Challenging old patterns and ideas that populate our minds for centuries , Blockchain architecture will challenge governance and centralized and controlled ways of transacting, and it is unfair to define it as just a distributed registry. This represents only one of its many dimensions whose range of people and companies are still unable to qualify and quantify.
Blockchains concepts, features and characteristics are still being uncovered, but it is possible to envisage that the way to solutions in Blockchains requires perceptions and evaluations of its underlying resources.
In this line, the objective of this article is to make a brief comparative analysis between Blockchains and Distributed Ledgers, addressing some of its key characteristics and, thus, to help identify the advantages and disadvantages that can result from its adoption.
Blockchains vs. Distributed Ledger Technologies (DLTs)
While the use of the terms “Blockchains” and “DLTs” (Distributed Ledger Technologies) as synonyms is very common, the truth is that although Blockchains (Bitcoin, Ethereum, for example) have similarities with Distributed Ledger technologies (as Hyperledger Fabric, or R3 Corda), DLTs are not Blockchains.
Distributed Ledger Technologies (DLTs), or, as others prefer, distributed ledger architectures and structures were created for the processing of transactions in an environment shared by known actors (by a contractual relationship, for example), while the real Blockchains were designed so that strangers could transfer value safely, to dispense validating agents to obtain certainty (accuracy, truthfulness, fidelity) and immutability  in transactions and data. It is worth noting here that veracity and immutability are essential for the success of an adequate digitization of the assets.
On the other hand, when analyzing some of the various technological resources existing in Ethereum, IBM Hyperledger Fabric and R3 Corda, we can identify some more differences between “Blockchains” and “DLTs”.
Transactions in Blockchain Ethereum are stored within “blocks”, with state transitions  resulting in new system states (which sacrifices the speed of database transaction processing  by that of system integrity).

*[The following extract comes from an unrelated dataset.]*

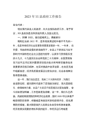 2023年XX县人民政府工作报告各位代表:现在,我代表县人民政府向大会报告政府工作,请予审议,XX县政协各位委员和其他列席人员提出意见。回首2022年,我们凝心聚力谋发展2022年,我们坚持以习近平新时代中国特色社会主义思想为指导,深入学习贯彻党的二十大精神,贯彻落实习近平总书记来闽、来明考察重要讲话精神,紧紧围绕“疫情要防住、经济要稳住、发展要安全”重要要求,聚焦“三提三效”[X]、聚力真抓实干,经济社会保持良好发展态势。据初步统计(下同),2022年全X区生产总值增长X.X%;地方一般公共预算收入增长X%;农林牧渔业总产值X.X亿元,增长X.X%;规模以上工业增加值增长X.X%;固定资产投...

Concerning the participation of the parties, this is done without permission, that is, anyone has access to the Ethereum network, without the need for authorization. The mode of participation, it should be noted, has a profound impact on how consensus is achieved.
About the “consensus” in Ethereum, all participants need to reach consensus on the order of all transactions that have taken place, whether or not the contributor has contributed to a specific transaction. The order of transactions is crucial to the consistent state of the ledger. If a final order of transactions can not be established, there is a chance that double spending may have occurred. Because the network may involve parts that are not known (or have any contractual liability), a consensual mechanism must be employed to protect the ledger against fraudulent participants wishing to incur double spending. In the current implementation of Ethereum, this mechanism is established by mining based on the labor “Proof of Work” (PoW). All participants have to agree to a common book and all participants have access to all entries already registered. The consequences are that PoW adversely affects the performance of transaction processing . With respect to the data stored in the ledger, although the records are anonymous, they are accessible to all participants, which can compromise applications that require a greater degree of privacy.
Another feature noteworthy is that Ethereum has a built-in cryptocurrency called Ether. It is used to pay rewards for “nodes” that contribute to achieving consensus by mining blocks as well as to pay transaction fees. Therefore, decentralized applications (DApps) can be built for Ethereum, which allow for monetary transactions. In addition, a digital token for custom use cases can be created by deploying a smart contract that conforms to a predefined pattern  . In this way, cryptocurrencies or assets can be defined.
In addition, the Ethereum architecture also allows “affiliate platforms” capable of adding layers of “crypto-economic” incentives to the system.
Finally, the Ethereum has integration in the digital commoditization of assets, what means that can integrate in a saving of digital goods, which is not possible neither in Hyperledger Fabric, neither in R3 Corda.
See how Vitalik Buterin explains Ethereumhere.
IBM Hyperledger Fabric replaces the key principles of a Blockchain system, maintaining the execution of all transactions within the multichannel architecture to ensure high transaction throughput in a trusted environment. IBM Fabric is a DLT, not a Blockchain.
The Hypherledger Fabric architecture sacrifices the integrity and data fidelity of a Blockchain system for faster transaction processing and throughput in a reliable data flow environment. However, while the state arrangement within the Fabric environment is efficient, it does not have the ability to preserve value in a decentralized public ecosystem in the same way that a Blockchain like Ethereum or Bitcoin would do.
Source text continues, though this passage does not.